Segment Open
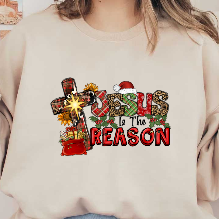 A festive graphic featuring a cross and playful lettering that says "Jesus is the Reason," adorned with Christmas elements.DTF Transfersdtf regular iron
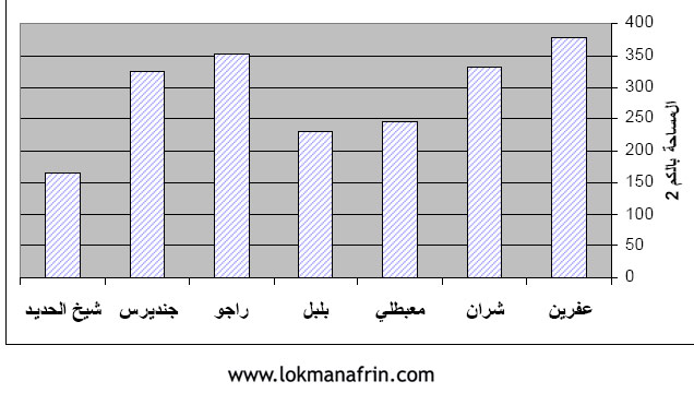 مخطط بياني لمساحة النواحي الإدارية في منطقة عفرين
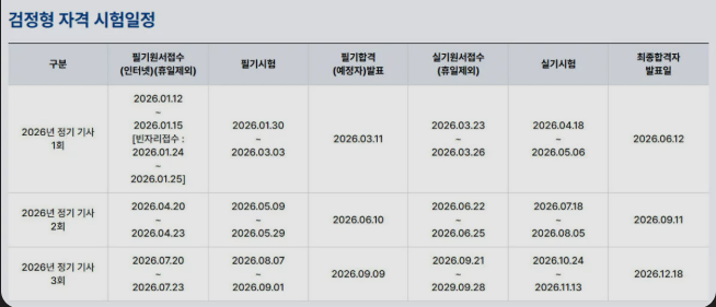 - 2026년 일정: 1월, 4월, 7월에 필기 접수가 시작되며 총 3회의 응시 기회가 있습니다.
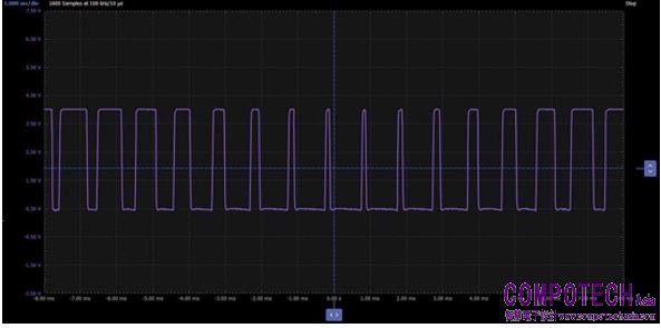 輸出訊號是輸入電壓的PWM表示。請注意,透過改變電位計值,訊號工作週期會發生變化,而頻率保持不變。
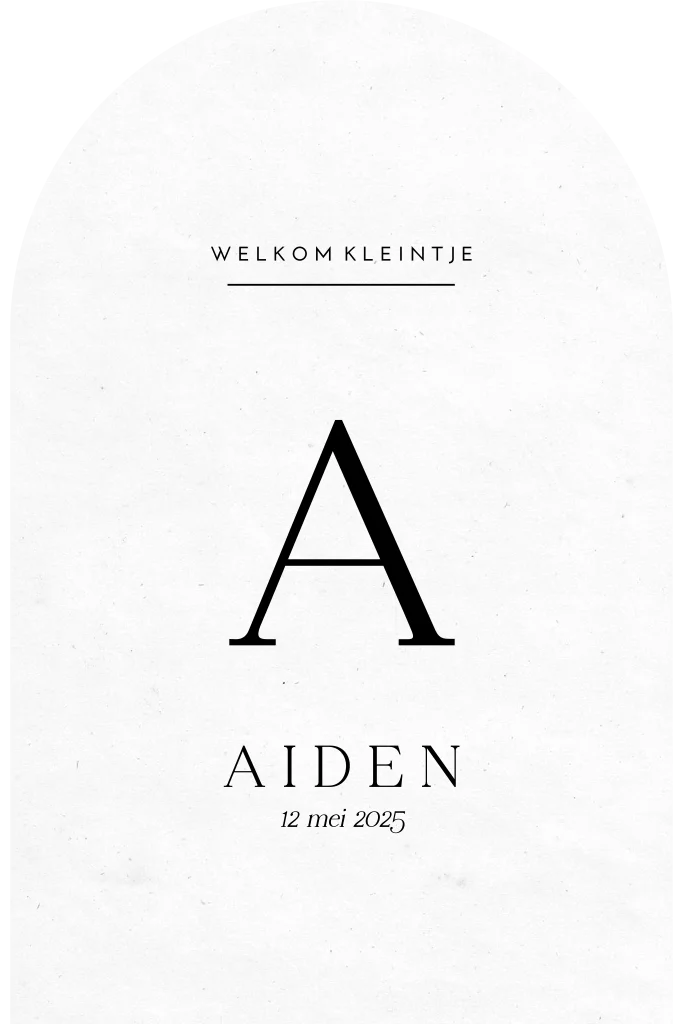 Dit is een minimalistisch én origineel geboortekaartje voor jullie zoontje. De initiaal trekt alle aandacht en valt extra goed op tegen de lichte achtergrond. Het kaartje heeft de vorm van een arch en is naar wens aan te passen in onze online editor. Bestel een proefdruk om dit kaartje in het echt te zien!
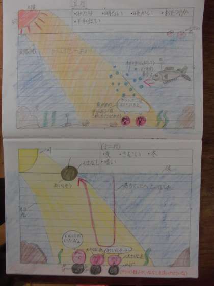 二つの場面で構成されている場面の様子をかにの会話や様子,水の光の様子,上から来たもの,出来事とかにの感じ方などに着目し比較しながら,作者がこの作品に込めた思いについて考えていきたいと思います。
Segment Closed
> [REQUIRED ACTION] Pictures do not belong in the copy. Output all of the records exactly.

> [WRITTEN RESPONSE]
 A festive graphic featuring a cross and playful lettering that says "Jesus is the Reason," adorned with Christmas elements.DTF Transfersdtf regular iron
 مخطط بياني لمساحة النواحي الإدارية في منطقة عفرين
 - 2026년 일정: 1월, 4월, 7월에 필기 접수가 시작되며 총 3회의 응시 기회가 있습니다.
 輸出訊號是輸入電壓的PWM表示。請注意,透過改變電位計值,訊號工作週期會發生變化,而頻率保持不變。
 Dit is een minimalistisch én origineel geboortekaartje voor jullie zoontje. De initiaal trekt alle aandacht en valt extra goed op tegen de lichte achtergrond. Het kaartje heeft de vorm van een arch en is naar wens aan te passen in onze online editor. Bestel een proefdruk om dit kaartje in het echt te zien!
 二つの場面で構成されている場面の様子をかにの会話や様子,水の光の様子,上から来たもの,出来事とかにの感じ方などに着目し比較しながら,作者がこの作品に込めた思いについて考えていきたいと思います。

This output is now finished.